O que permite que você complete essas distâncias gigantescas é a cabeça e a força do espírito. No fim das contas, essa é regra para a realização em todas as áreas da vida

Mas e as corridas? 

Embora garanta que sempre teve os esportes como parte da vida, Jeison — que chegou a jogar futebol nas categorias de base do Grêmio de Porto Alegre — explica que o amor pelas corridas surgiu justo num momento em que ele estava mais sedentário. A rotina de trabalho, a falta de tempo e de exercícios logo trouxeram problemas. “Eu estava tendo dificuldades até para subir escadas, pesava 112 quilos e a falta de energia já impactava na minha vida pessoal e profissional”, conta ele. 
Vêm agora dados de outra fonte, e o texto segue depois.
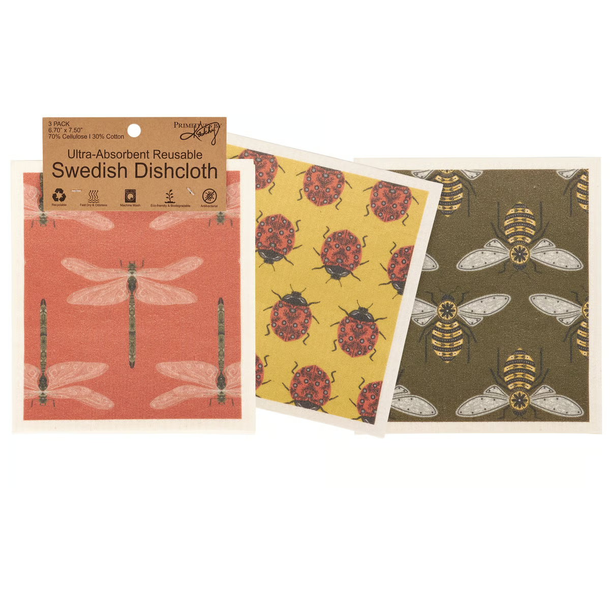 Safe to use on all types of surfaces, eco-friendly Swedish Dishcloths dry quickly and are antibacterial for more hygienic cleaning with reduced waste. This set of 3 Swedish Dishcloths from our Garden Collection features various garden bug designs with hand illustrated floral details. Garden bug designs include dragonflies, honey bees, and ladybugs. Our Garden Bug Swedish Dishcloth set is machine-washable for convenient cleaning.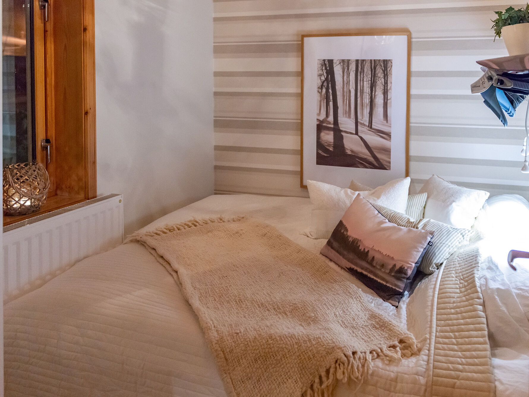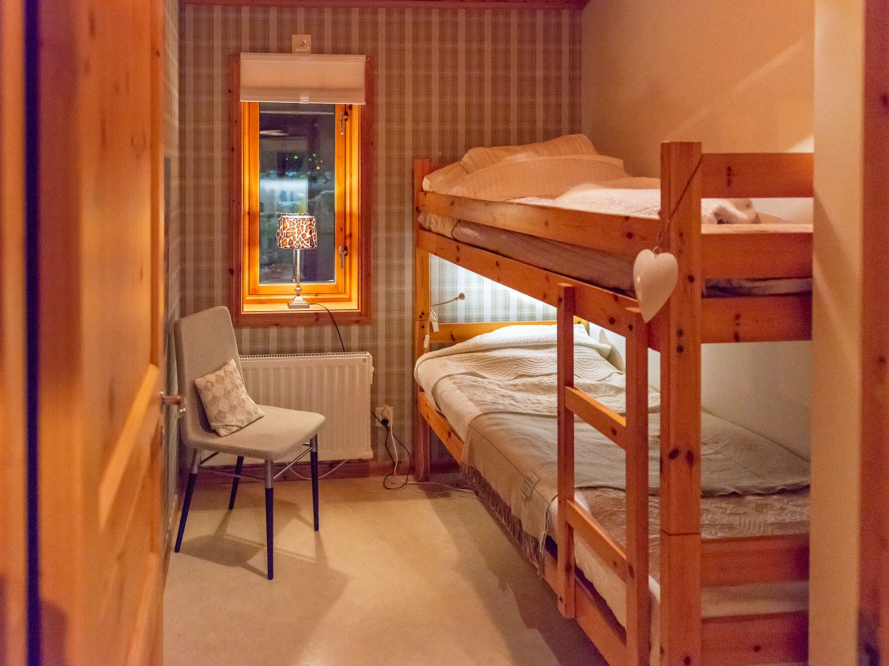 Sovrum I boendet finns ett sovrum med en våningssäng och ett sovrum med en dubbelsäng samt en lofttrappa till ett loft med två våningssängar.

A saída? Começar a correr. Mas, para que a motivação não fosse só a perda de peso, ele resolveu se inscrever numa corrida de 10 quilômetros. Foram seis meses de treinamento até a íntima e inesquecível conquista que se revelou em lágrimas. Depois da primeira corrida e da sequência de treinamentos, aos poucos, Jeison foi subindo o sarrafo: para 15, 20 e 42 quilômetros. O tempo também melhorou muito e, hoje, ele corre 10 quilômetros em trinta e cinco minutos. 

Tal desempenho impressiona, mas não surpreende quando se trata de um ultramaratonista. O gosto pelas corridas, despertado na prova de 10 quilômetros, levou-o a distâncias muito maiores. “Um dia conheci essas corridas de autossuficiência, feitas no deserto, em que você precisa levar tudo o que vai usar: comida, material obrigatório, tudo o que for necessário para seis dias de corrida, exceto água e barracas, que a organização fornece”. Desde então,  Jeison já encarou o desafio várias vezes, do Grand Canyon à Patagônia Chilena, e correu em todos os continentes do globo. 

Um desafio grande demais e possível só para atletas extraordinários? Nada disso. “Eu era uma pessoa normal. Era gordinho, trabalhava pra caramba, era cheio de problemas. Minha mãe tinha falecido, eu tinha terminado uma relação longa. Enfim, eu tinha problemas como qualquer pessoa. Só que quando a gente consegue ter clareza sobre qual o nosso objetivo, aí tudo fica mais fácil. Então por que a gente não coloca o foco e a energia onde realmente quer chegar?”

Uma pergunta que entrega, junto, um conselho que vale para a vida pessoal, para a carreira e para vencer desertos.